P: 281-298-6742 | F: 281-419-1373|info@TWIHW.com

Collagen Supplements

Are they good for everyone?

By Mila McManus MD


Global markets for collagen supplements have grown by double digits for the last three years.  Collagen supplementation is all the rage for bones and joints, skin, hair, nails, and gut health. But are there any drawbacks to collagen supplementation?

Multiple studies[1] are suggesting that those who experience symptoms such as anxiety, irritability, low self-esteem, poor sleep, and depression may want to avoid  or limit collagen supplementation. Why? Collagen is an incomplete protein and requires another amino acid called tryptophan, in order to be properly utilized in the body. When the supplement is taken, the body has to give tryptophan to the absorption process of collagen, thus robbing the body of tryptophan stores. Thus, taking a collagen supplement can induce tryptophan depletion[2]. This is problematic because tryptophan is a precursor to a neurotransmitter called serotonin. Many who struggle with anxiety or depression, for example, already lack adequate levels of serotonin. If there is not adequate tryptophan available in the body to make serotonin, moods will likely suffer. Serotonin is important and helps us to be calm, contend with stress, sleep well, feel optimistic and hopeful. Low levels of serotonin are associated with anxiety, irritability, eating disorders, OCD, PTSD, poor sleep quality, and insomnia. If you have any of these symptoms and are taking a collagen supplement, consider stopping it for a couple of months to see if your symptoms improve.  If collagen supplementation is important to you, consider adding a supplement called 5-htp (5-hydroxy-tryptophan) which provides the body with more of the building block to make serotonin.  (5-htp is over-the-counter and should be taken under medical supervision)

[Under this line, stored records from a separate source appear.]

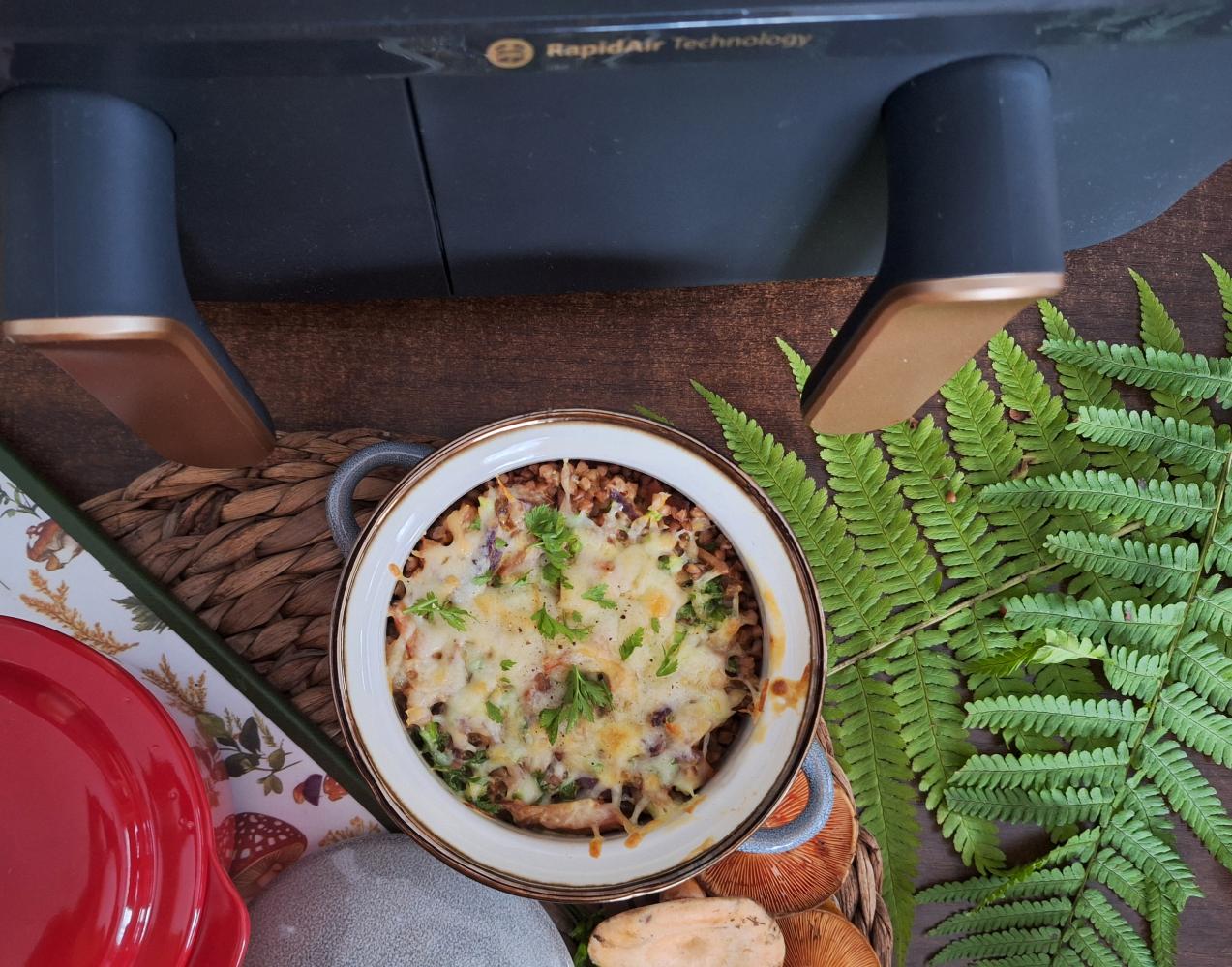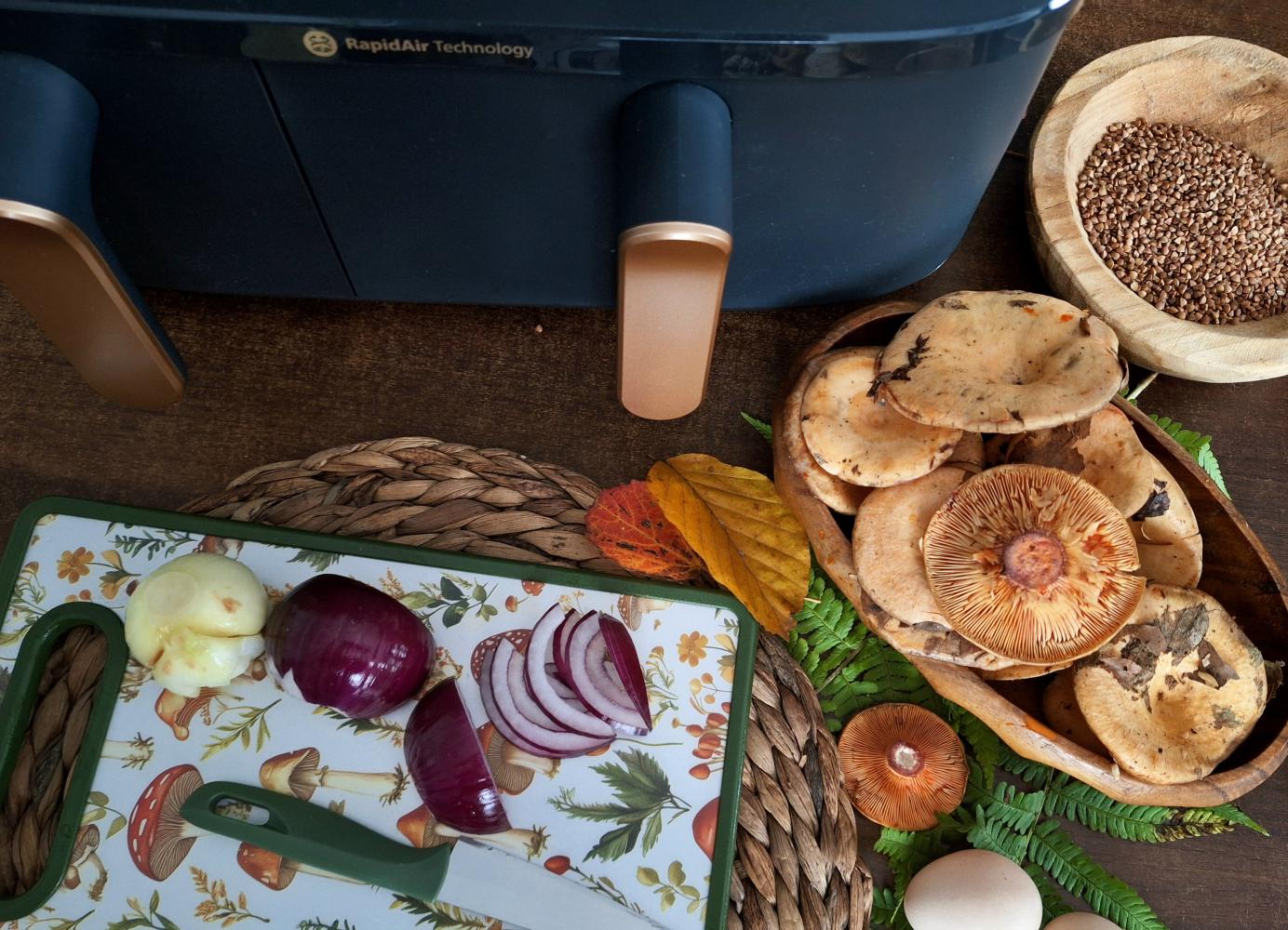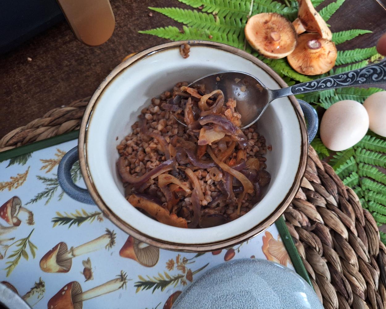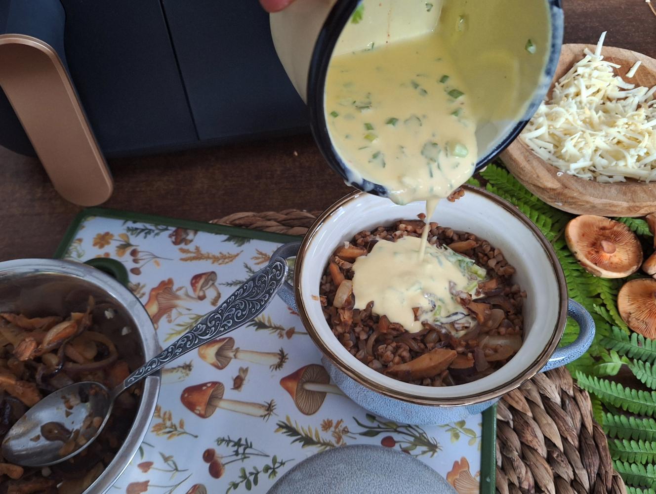 Na dno naczynia żaroodpornego nakładamy warstwą ugotowanej kaszy gryczanej, następnie warstwę duszonych rydzów.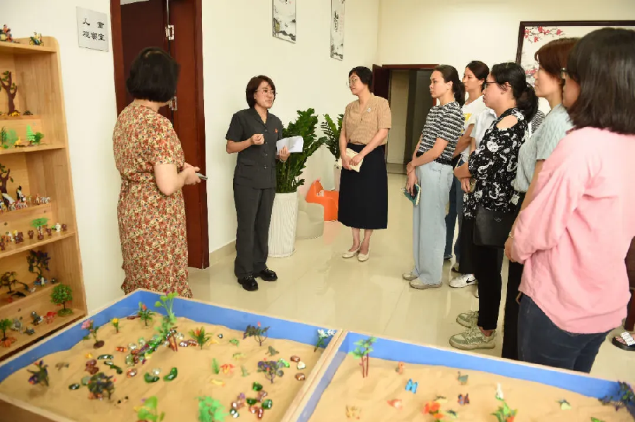 與會人員在二樓大廳參觀了家事審判特色功能區(qū),聆聽中山法院婦女兒童權益保護工作的創(chuàng)新舉措,并觀看了中山法院家事審判改革宣傳片。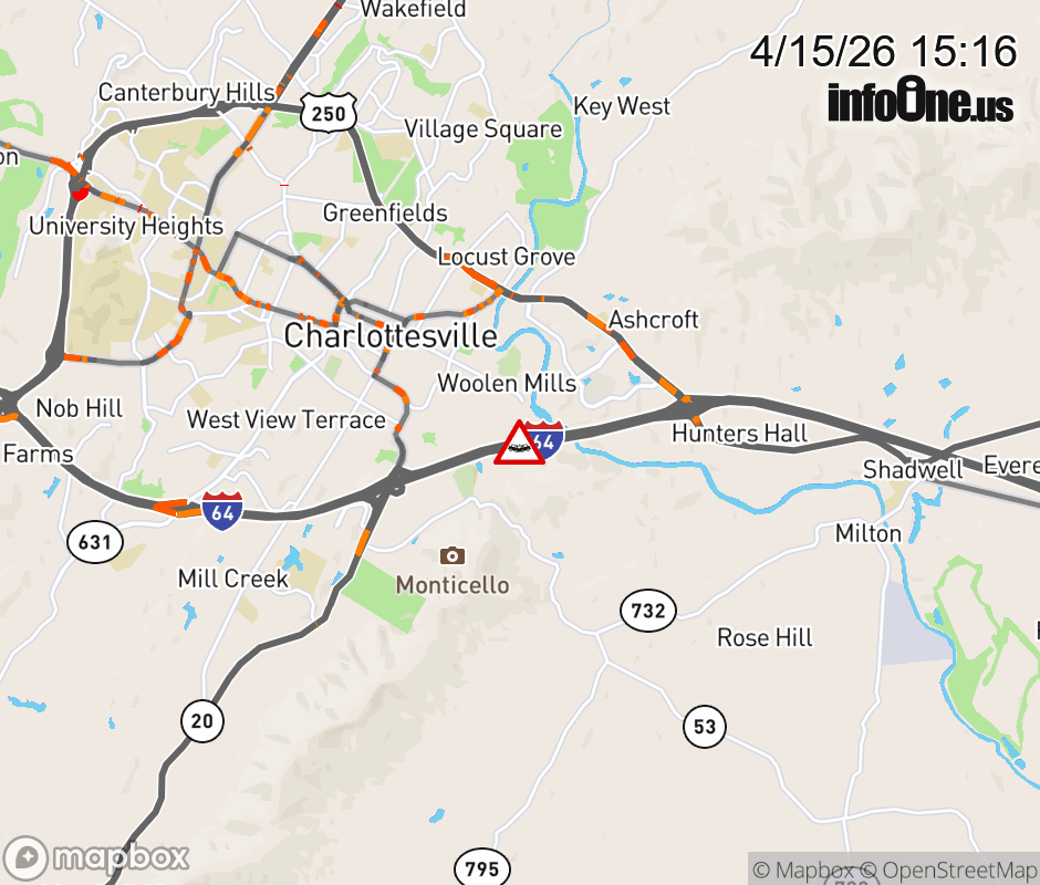 On I-64 at mile marker 123 in the County of Albemarle, motorists can expect delays due to a vehicle crash. The west right shoulder is closed. ![]() |
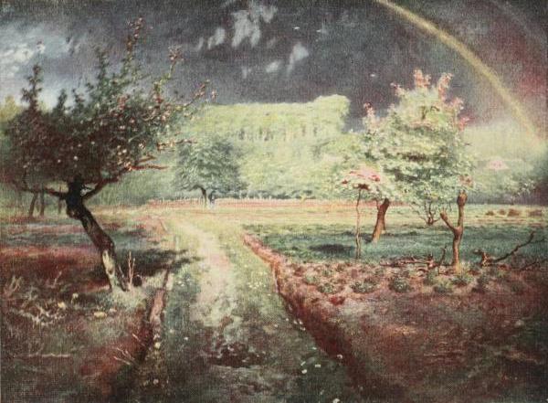 It is probable that Millet wished this picture to be regarded rather as a symbolical representation of Spring, than as an actual study from Nature. The storm that has just passed over has been severe, but of short duration. The sun, breaking through the dense banks of clouds, reveals the splendours of the water-sodden landscape; the apple-trees full of bloom, the verdantly green grass, the young foliage on the distant trees, all reveal the benefit they have received from the downpour.
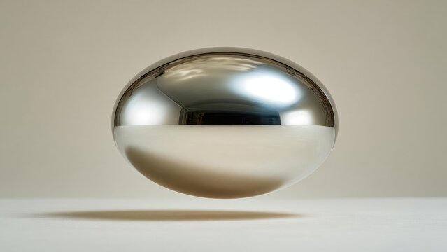 A floating two-tone metallic sphere, chrome top half and matte bottom half, hovering above a pale surface. Concept Futuristic still life, two-tone metallic object, chrome vs matte texture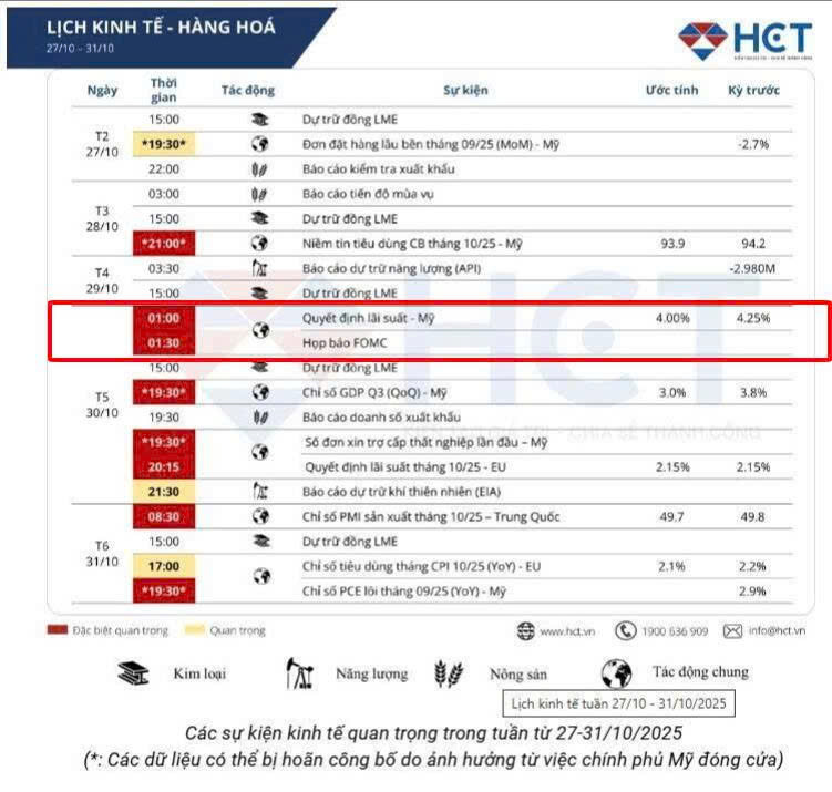 Trong suốt hai tháng qua (tháng 9 – 10), giá các kim loại quý đã tăng mạnh khi giới đầu tư tin rằng Fed sẽ sớm bước vào chu kỳ nới lỏng chính sách. Điều này khiến kỳ vọng giảm lãi suất đã được phản ánh trước vào giá. Vì vậy, ngay cả khi Fed thực sự hành động, thị trường không còn động lực tăng thêm, thay vào đó là áp lực chốt lời ngắn hạn.

[1] Leibowitz SF. The role of serotonin in eating disorders. Drugs. 1990;39 Suppl 3:33-48. doi: 10.2165/00003495-199000393-00005. PMID: 2197074.

[2] Biskup CS, Sánchez CL, Arrant A, Van Swearingen AE, Kuhn C, Zepf FD. Effects of acute tryptophan depletion on brain serotonin function and concentrations of dopamine and norepinephrine in C57BL/6J and BALB/cJ mice. PLoS One. 2012;7(5):e35916. doi: 10.1371/journal.pone.0035916. Epub 2012 May 21. PMID: 22629305; PMCID: PMC3357407.